Among the lines below, output only those between the line holding "Розетка компьютерная +" and the line holding "Notice that a", inclusive, exactly as written and with no pictures.

-- PROVIDED RECORDS follows --

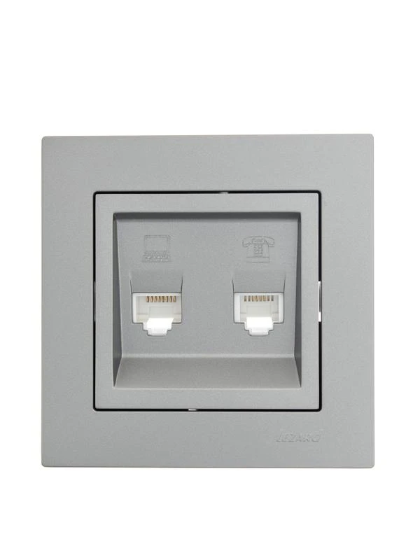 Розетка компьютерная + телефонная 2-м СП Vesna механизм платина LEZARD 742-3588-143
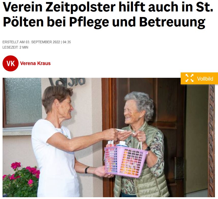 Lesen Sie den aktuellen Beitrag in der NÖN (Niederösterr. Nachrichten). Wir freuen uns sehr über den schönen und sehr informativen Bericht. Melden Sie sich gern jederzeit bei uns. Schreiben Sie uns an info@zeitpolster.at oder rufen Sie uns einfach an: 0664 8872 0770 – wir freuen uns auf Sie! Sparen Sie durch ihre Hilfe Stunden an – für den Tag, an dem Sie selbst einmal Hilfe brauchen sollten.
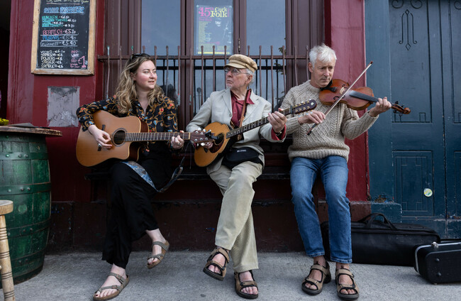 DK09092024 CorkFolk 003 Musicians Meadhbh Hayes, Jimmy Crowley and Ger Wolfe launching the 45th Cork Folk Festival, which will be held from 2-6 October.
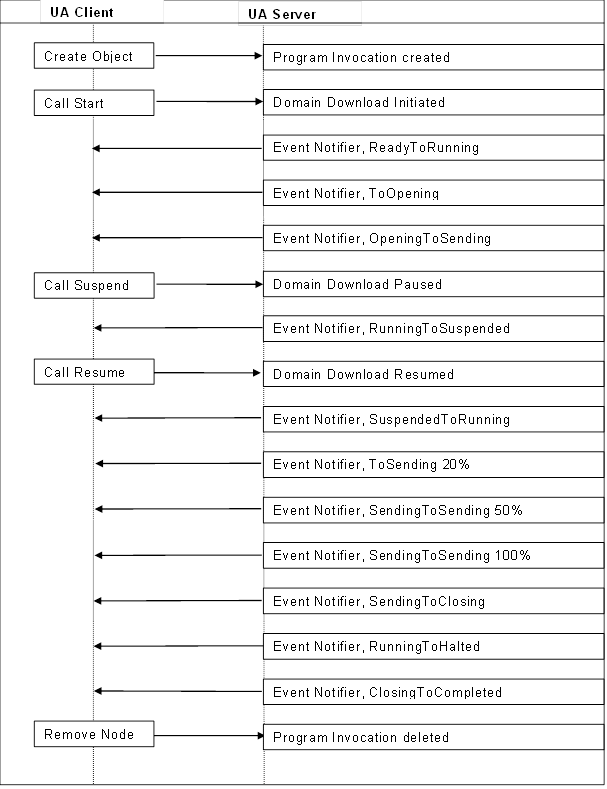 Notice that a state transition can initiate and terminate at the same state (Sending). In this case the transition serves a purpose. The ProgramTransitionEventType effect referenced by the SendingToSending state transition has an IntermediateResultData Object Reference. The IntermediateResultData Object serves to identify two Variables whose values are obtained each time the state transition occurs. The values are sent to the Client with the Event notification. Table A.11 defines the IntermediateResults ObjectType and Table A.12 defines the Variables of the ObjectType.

-- PROVIDED RECORDS concluded --
-- PROVIDED RECORDS follows --

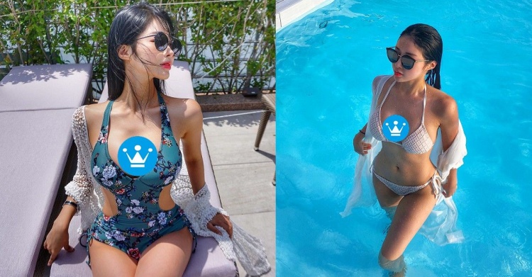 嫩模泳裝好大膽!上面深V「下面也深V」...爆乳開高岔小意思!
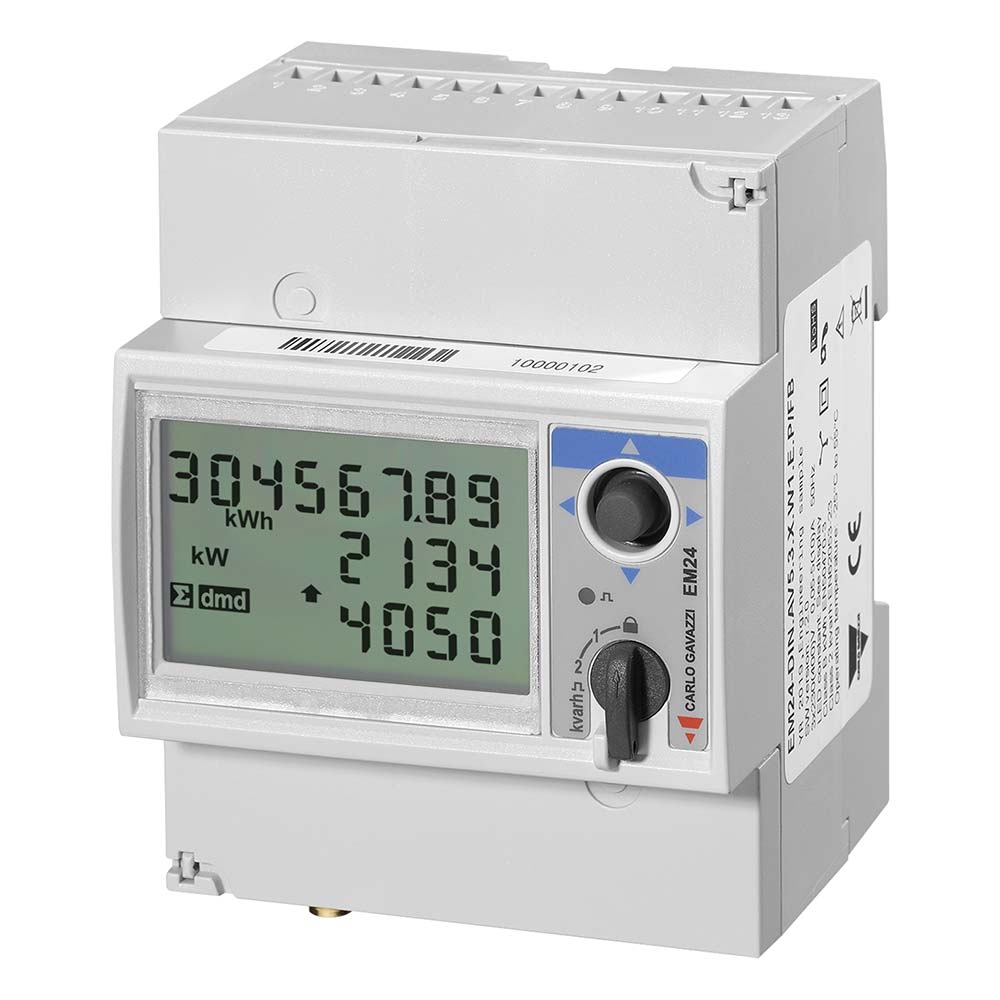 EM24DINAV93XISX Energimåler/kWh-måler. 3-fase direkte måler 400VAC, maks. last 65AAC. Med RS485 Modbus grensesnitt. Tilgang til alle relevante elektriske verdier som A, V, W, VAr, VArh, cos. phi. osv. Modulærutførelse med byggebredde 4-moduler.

-- PROVIDED RECORDS concluded --

▶ _WRITTEN ANSWER_:
 Розетка компьютерная + телефонная 2-м СП Vesna механизм платина LEZARD 742-3588-143
 Lesen Sie den aktuellen Beitrag in der NÖN (Niederösterr. Nachrichten). Wir freuen uns sehr über den schönen und sehr informativen Bericht. Melden Sie sich gern jederzeit bei uns. Schreiben Sie uns an info@zeitpolster.at oder rufen Sie uns einfach an: 0664 8872 0770 – wir freuen uns auf Sie! Sparen Sie durch ihre Hilfe Stunden an – für den Tag, an dem Sie selbst einmal Hilfe brauchen sollten.
 DK09092024 CorkFolk 003 Musicians Meadhbh Hayes, Jimmy Crowley and Ger Wolfe launching the 45th Cork Folk Festival, which will be held from 2-6 October.
 Notice that a state transition can initiate and terminate at the same state (Sending). In this case the transition serves a purpose. The ProgramTransitionEventType effect referenced by the SendingToSending state transition has an IntermediateResultData Object Reference. The IntermediateResultData Object serves to identify two Variables whose values are obtained each time the state transition occurs. The values are sent to the Client with the Event notification. Table A.11 defines the IntermediateResults ObjectType and Table A.12 defines the Variables of the ObjectType.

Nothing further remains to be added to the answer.